Wolfgang Petersen recently revealed to online controversy that he had not been approached for this Blu-ray release of arguably his most famous film. He mentioned he would have liked to have overseen the coloring of the video, but honestly, the coloring is probably this transfer’s best asset. All those sunset-hued matte paintings and oil-in-water effects work exhibit striking colors, and every other texture, from orange school lockers to the claustrophobic browns of Bastian’s emotionally-deepled homestead are all so rich in detail. They really look great. Something Petersen, and I guess Warner, could not shape, however, is the quality of the image, which sadly looks a little soft here. Nothing is ever sharp enough to render as lifelike or three dimensional. At first I thought it might be a product of all that optical work, which inherently softens an image since it in effect shoots the same thing twice, but softness was demonstrated even in close-ups without any visible effects work. I also noticed some slight flickering at times and some inconsistency in black levels during some of the darker scenes with Gmork and Bastian in the school attic. Still, for a film shot and realized as beautifully as The NeverEnding Story, this concerns seem like mere nitpicking. It’s a beautiful looking movie, and even if the sharpness or contrast doesn’t entirely hold, at least we’re finally able to experience it cleaned up nicely in 1080p HD.

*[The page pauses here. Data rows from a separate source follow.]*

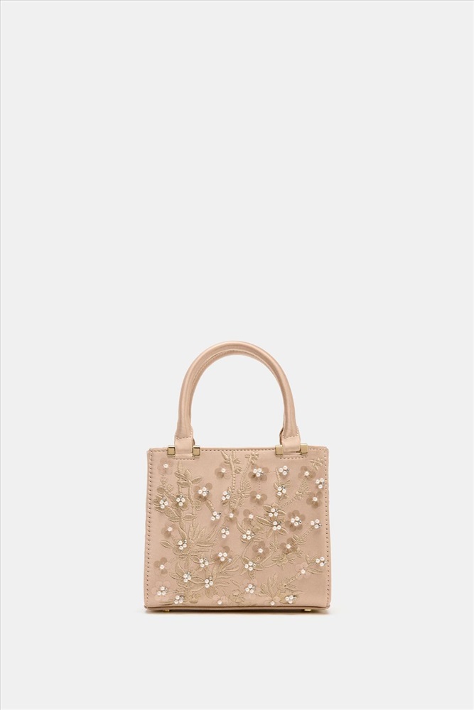 Structured fabric handbag. Embroidered details on the top with faux pearls. Two top handles and a removable crossbody strap with metal rings. Interior pocket. Metal fastening.
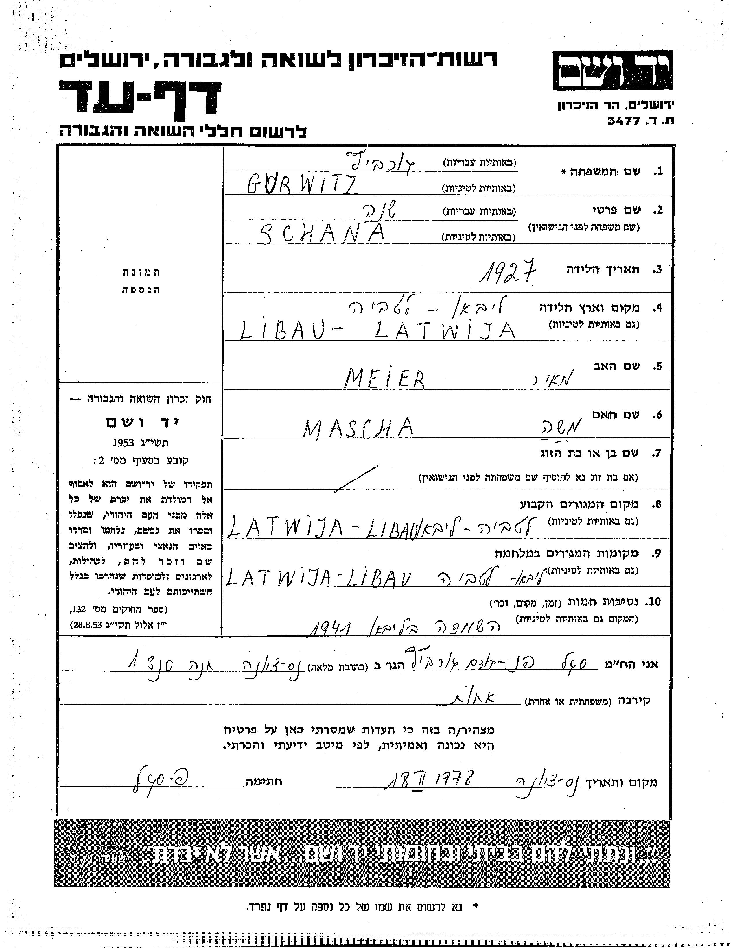 Gurwitz Szane Shena Libau, Lettland Gedenkblatt
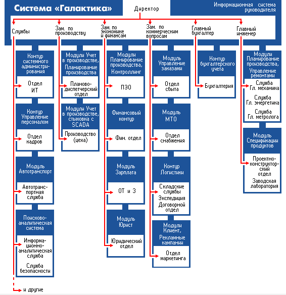 В цілому КІС „Галактика” включає п’ять контурів управління: фінансовий контур, контур бухгалтерського обліку, контур логістики, контур управління персоналом и контур системного адміністрування; чотирнадцяти модулів і пошуково аналітичної системи.
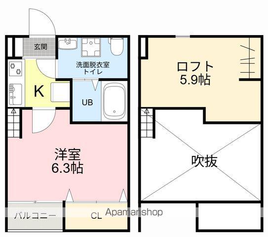 | 設備 | バス・トイレ別、テレビドアホン、追い焚き、光ファイバー対応、システムキッチン、温水洗浄便座、角部屋、バルコニー、フローリング、ロフトあり、コンロ:ガス、インターネット使用料無料、シャワー、給湯、冷房、洗濯機:室内 | ||
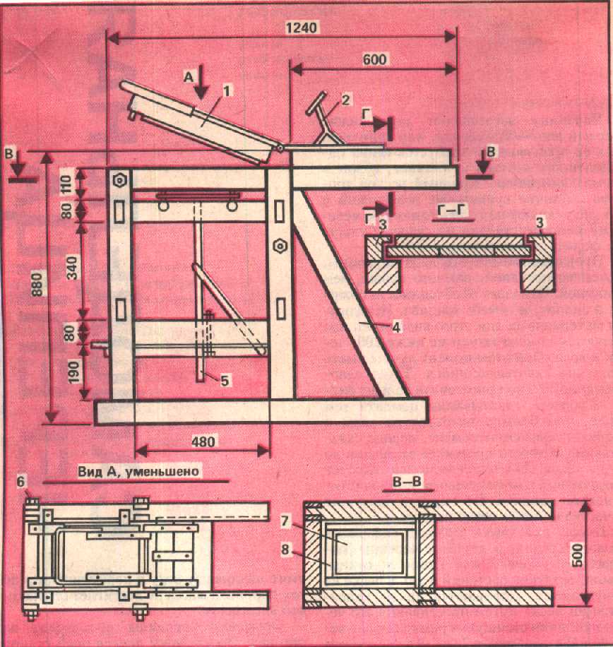 Формовку черепицы производят на станках. Простейший деревянный станок был сконструирован в середине нашего века Г. Морозовым. Его станину (рис. 1) делают из чисто оструганного бруса сечением 80x80 мм. Форму (рис.3) изготовляют из досок толщиной 20 мм и шириной 70 мм. Она представляет собой ящик без дна. Стенки формы обшивают кровельной тонколистовой оцинкованной сталью минимальной толщины (0,35...0,45 мм). Внутренние размеры формы соответствуют размерам матрицы. Нижние края торцовых стенок формы окантовывают стальной полосой шириной 20 мм. Саму форму крепят ушками в центре станины между ножками и боковыми брусьями. Ушки длиной 70...80 мм являются продолжением стальной полосы, окантовывающей торцовые стенки формы. Эти ушки загибают под прямым углом на высоту 20 мм от верхнего обреза торцовых стенок и крепят к горизонтальным брусьям станины шурупами. Вместо шурупов можно применить винты или болты с гайками. Но как ушки, так и головки метизов следует заглубить в дерево брусьев, ибо горизонтальные верхние части последних являются направляющими при перемещении пуансона между ними. Конечно, форма будет намного долговечнее, если сварить ее при помощи газо- или электросварки из стальных листов толщиной 1,5...2,5 мм. В свою очередь, чтобы меньше расшатывать стойки станины, их стягивают самодельными болтами или шпильками диаметром 8, 10 или 12 мм, нарезая соответствующую метрическую резьбу на их концах.

The back of the Blu-ray advertises “For the First Time in 5.1 Audio!” and yes, it’s certainly cause for elation. The DTS-HD Master Audio track is wonderful – filled with a very deep sound space. There were several instances that really gave my subwoofer a workout. When the nothing comes, the sound literally sucks from all speakers, and it’s an almost overwhelming sound that really feels involving. There is also a very distinct use of channel separation, both in the front and back channels. When Fantasia is reduced to mere bits floating in space, you actually hear each piece fly by you from front to back. It’s very effective. This happens throughout, not just for select sequences. Considering the monaural origins of the source material, the resonance and envelopment of this surround sound track is all the more impressive. It’s rare that a remix track holds weight with those you’d hear in theaters today, but I’m delighted to say that The NeverEnding Story is one of them. Amazing!

extras...

The nothing must have taken a pit stop at the Warner Brothers lot, because there isn’t a single extra included on this release. Even the DVD at least had the original trailer. For a film whose resonance will surely only build as the children from the eighties show it to their children and beyond, it’s a shame there hasn’t been a full on special edition to try and encapsulate the magic. Although the images on screen are all filled with such wonder, perhaps dispelling the myths about the film would somehow deflate the magnificence of the final product. Maybe, but at least give us a “where are they now” with all the child actors so memorably captured in the film. Or even better, how about including the LP that Childlike Empress Tami Stronach released shortly after the film using similar synth stylings to Moroder's work on the film. One can dream, right Bastian?

wrapping it up...

The NeverEnding Story is quintessential storytelling, as important for our humanity as the morality plays of The Brothers Grimm. It’s got a story that explores both dark and deep themes surrounding art and humanity and a presentation so rich in visual and audible beauty that brings the fantastical Fantasia to life. The film is all about the imagination, and what Petersen and his crew of artists put on screen is certainly as fantastic as anyone could ever imagine. The image quality isn’t quite as fantastic, although it’s been cleaned up and colored effectively. The sound, though, is as rich a 5.1 restoration as I’ve ever heard. No extras is again the sad reality for a film that dreams so big, but for a film this good, any extra would be mere window dressing. It’s a window into our soul and a vast expanse of the things that make humanity so inspiring. Buy it and watch it again and again, for this is a tale that should never cease to be told. A story that should never end.



overall...

Content: A

Video: B+

Audio: A

Extras: F


Final Grade: B



Friday, February 19, 2010

GOODFELLAS Blu-ray


Martin Scorsese is the greatest filmmaker in the history of the cinema. It’s a bold statement, but after watching GoodFellas again, for what must be the 10th or so time now in my quarter century (and change) of existence, I can say that with relative certainty. Now, there are directors who I enjoy more – who mesh with my sensibilities on style and content, like Michelangelo Antonioni, Brian De Palma, Robert Bresson and John Carpenter, but none are as inherently “good” at storytelling as that mousy little Italian from the Bronx. Compared to his contemporaries (like De Palma or Carpenter) or to the celebrated auteurs of the genre (Antonioni and Bresson, among many others), Scorsese demonstrates an almost effortless command of genre, able to switch gears from period melodrama to hard-nosed gangster pictures with utter ease. While he certainly shows an affinity for the movies on the mean streets, he’s proven with black comedies like The King of Comedy and After Hours to period dramas like The Age of Innocence and The Aviator and even musical (New York, New York) and documentarian (My Voyage to Italy) interludes in between, that he can handle anything. And he can do it so well that his skill is virtually transparent.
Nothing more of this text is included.